Background:
I scrape data from 2 sources for upcoming properties for sale, lets call one SaleAnnouncement
, and the other SellerMaintainedData
. They share many of the same field names (although some data can only be found in one and not the other). If an item is coming up for sale, there is guaranteed to be a SaleAnnouncement
, but not necessarily SellerMaintainedData
. In fact only about 10% of the "sellers" maintain there own site with relevant data. However those that do, always have more information and that data is more up to date than the data in the announcement. Also, the "announcement" is free form text which needs to go through several processing steps before the relevant data is extracted and as such, the model has some fields to store data in intermediate steps of processing (part of the reason I opted for 2 models as opposed to combining them into 1), while the "seller" data is scraped in a neat tabular format.
Problem:
I would ultimately like to combine them into one SaleItem
and have implemented a model which is related to the previous 2 models and relies heavily on properties to prioritize which model the data comes from.
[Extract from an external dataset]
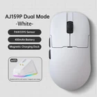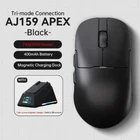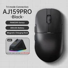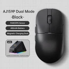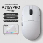 Model:AJ159 Color:White As Snow Peaks Dual Mode:2.4g Wireless+Wired Weight:About 56g Size:118.1*63.1*37.7mm (suitable for small and medium-sized hands) Sensor:PAW3395 DPI:26k Response Rate:Wired 1k+VVireless 1k Receiver:Standard 1k Small Receiver Battery:400mAh Coating: Injection molding Model:AJ159P Color:Black As A Meteorite and White As Snow Peaks Dual Mode:Wireless+Wired Weight:About 56g Size:118.1*63.1*37.7mm (suitable for small and medium-sized hands) Sensor:PAW3395 DPI:26k Response Rate:Wired 1k+Wireless 1k Receiver:Standard 1k small receiver+magnetic seat charging Battery:400mAh Coating: Injection molding Model:AJ159 PRO Color:Black As A Meteorite and White As Snow Peaks Three -Mode:Wireless+Wired+Bluetooth Weight:About 56g Size:118.1*63.1*37.7mm (suitable for small and medium-sized hands) Sensor:PAW3395 DPI:26k Response Rate:Wired 1k+Wireless 8k Receiver:Standard magnetic suction seat charging(built -in 8k receiver) Battery:400mAh Coating: Injection molding Model:AJ159 APEX Color:Black as ameteorite,Whiteas snow peaks,Orange as asunset, Blueas the sky Three -Mode:Wireless+Wired+Bluetooth Weight:About 56g Size:118.1*63.1*37.7mm (suitable for small and medium-sized hands) Sensor:PAW3950,APEX-Ajazz Customization DPI:30K,Overclocking Can Reach 42K Response Rate:Wired 1K+Wireless 8K Receiver:Standard the color screen magnetic suction built -in 8k receiver+support Gif moving map, time display, and tuning display. Battery:400mAh The AJ159 mouse and AJ159P mouse support both wired and 2.4G wireless modes, while the AJ159pro mouse supports wired/2.4G wireless/Bluetooth modes, with a return rate of up to 8,000hz, delivering exceptional responsiveness and stability. The AJ159PRO mouse comes with an RGB magnetic charging base, a built-in 8K receiver.(AJ159 mouse without base) Using lightweight design, the weight is reduced by about 56g, lightweight without light drifting keeps playing with a long wrist without burden, and the handling of guns is strong. PAW3395 high-performance sensor, more precise and faster, making it the best for gaming. The AJ159P mouse and AJ159PRO mouse come with a charging dock that allows you to charge anywhere, anytime, easily and conveniently. AJ159 APEX Small and Medium Hands | PAW3950 Tri-Mode Magentic Charging Base RGB Full Color Interactive 8000 Hz Return Rate Theoretical Latency As Low As 0.125ms PAW3950 APEX Customized Flagship Sensor More Precision And Fast 100,000,000 Times Green And White Dot Micro Movement Ice Coating Small and Medium Hands 56g Lightweight 400mAh Battery Contnuous Battery Life Four colors available for you to choose from PAW3950 8K Hz Entering Tri-Mode The Era PAW3950/APEX Flagship Sensor Do Your Best For The Game Tracking Rate:750 IPS Slient Height (LOD):1.0MM Wireless Return Rate:8000mz Acceleration:50g Sensitivity (DPI):50-30000* Overloackerable to 42000 whole series of ice-feel coating Middle Small Hand 56g light weight magnetic charging base can be placed anywhere for instant charging Easy and Convenient, no more battery worries Innovative full-color interactive screen supports GIF animations Ultra-low latency light-speed response 0.25ms ultra-low latency* highly sensitive response Product real shot display All the details you want to see are here

Something like:
@property
def sale_datetime(self):
if self.sellermaintaineddata and self.sellermaintaineddata.sale_datetime:
return self.trusteeinfo.sale_datetime
else:
return self.latest_announcement and self.latest_announcement.sale_datetime
However I obviously won't be able to query those fields, which would be my end goal when listing upcoming sales. I have been suggested a solution which involves creating a custom manager which overrides the filter/exclude methods, which sounds promising but I would have to duplicate all the property field logic in the model manager.
Summary (for clarity)
I have:
class SourceA(Model):
sale_datetime = ...
address = ...
parcel_number = ...
# other attrs...
class SourceB(Model):
sale_datetime = ...
address = ...
# no parcel number here
# other attrs...
I want:
class Combined(Model):
sale_datetime = # from sourceB if sourceB else from sourceA
...
I want a unified model where common fields between SourceA
and SourceB
are prioritized so that if SourceB
exists it derives the value of that field from SourceB
or else it comes from SourceA
. I would also like to query those fields so maybe using properties is not the best way...
Question
Is there a better way, should I consider restructuring my models (possibly combining those 2), or is the custom manager solution the way to go?